I was 16 when I first started investing in shares and I started out with £250 purchases then the floatation of the electric companies I went in with everything I had,a few years later and trebling of my investment I sold everything for a run down house,then let it out,after that it just escalated into F I.
Everyone has to start somewhere and with the information available now compared with when I started out is fantastic, this site especially gives some fantastic articles which I share on Facebook,but I have found out not everyone is interested like us,if only they knew I was giving them the blueprint to financial independence.
Its hard to tell people how important compound interest is without sounding a bit freaky or geeky.
@ Luke – Yes, I get that odd man out feeling too sometimes. It’s only natural to want to form stronger bonds with your peers, it’s just a shame they’re into the wrong kind of bonds 😉
Steve makes an interesting point too about people’s lack of stamina when it comes to personal finance. A lot of people are interested for 5 minutes when they find out I know a bit about investing but very, very few genuinely want to learn anything about it. Even people who are good with money from a salary or bargain-hunting p-o-v soon wilt when it comes to investing.
So much about investing seems inimical to the human brain that expecting people to manage their own financial fate through defined contribution pension systems is tantamount to throwing them to the wolves. To me that’s the strongest reason to be cheerful about the mooted move to Dutch-style collective pensions.

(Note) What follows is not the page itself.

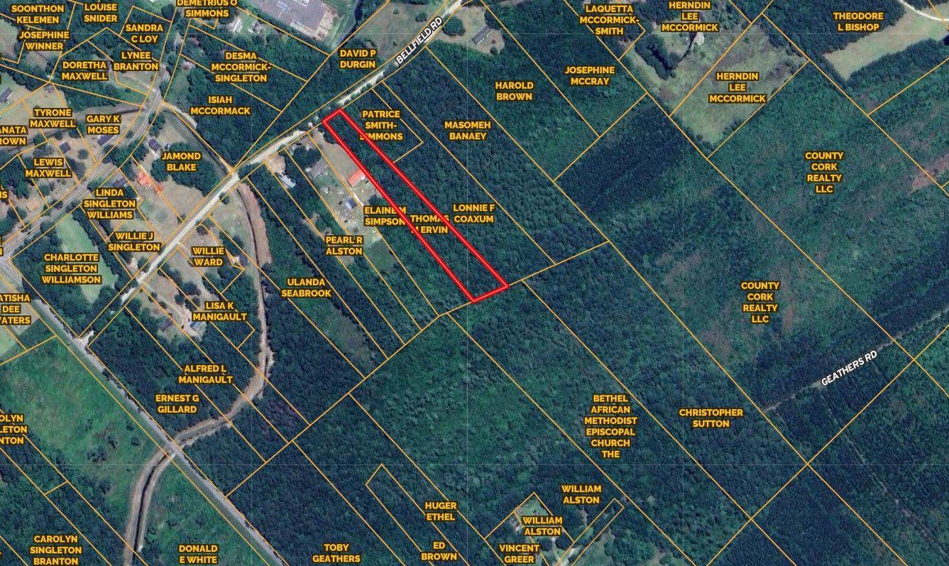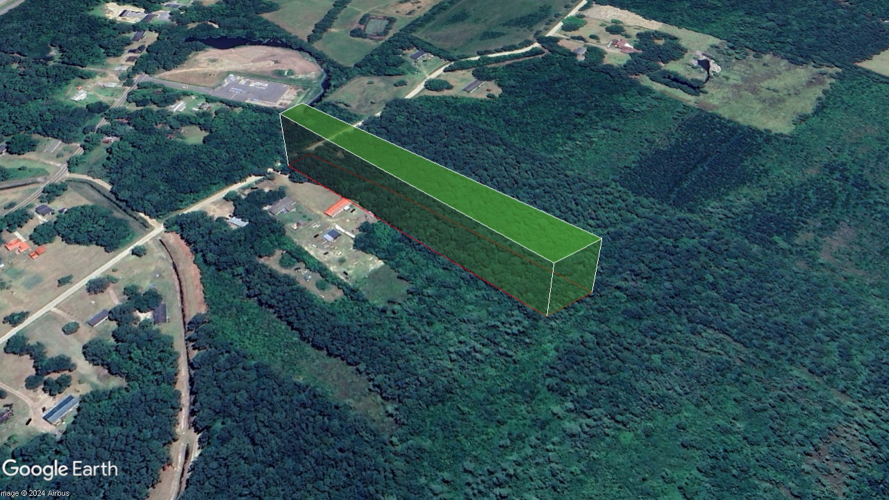 Coordinates: NW corner: 33.1136, -79.4522 (Road) NE corner: 33.1137, -79.4520 (Road) SW corner: 33.1117, -79.4503 SE corner: 33.1119, -79.4499

“expecting people to manage their own financial fate through defined contribution pension systems is tantamount to throwing them to the wolves”: it falls into the class ‘fine theory, wrong species’.
In my late 40’s now but started with a pension at 21 and luckily started investing in my late 20’s with PEPS and ISA’s later on. I’ve seen the crashes and peaks and treat them with the same…. feel a Kippling IF moment coming. Places like this site provide so much good information and information is power… well sometimes…. read the enjoyable confessions booth!!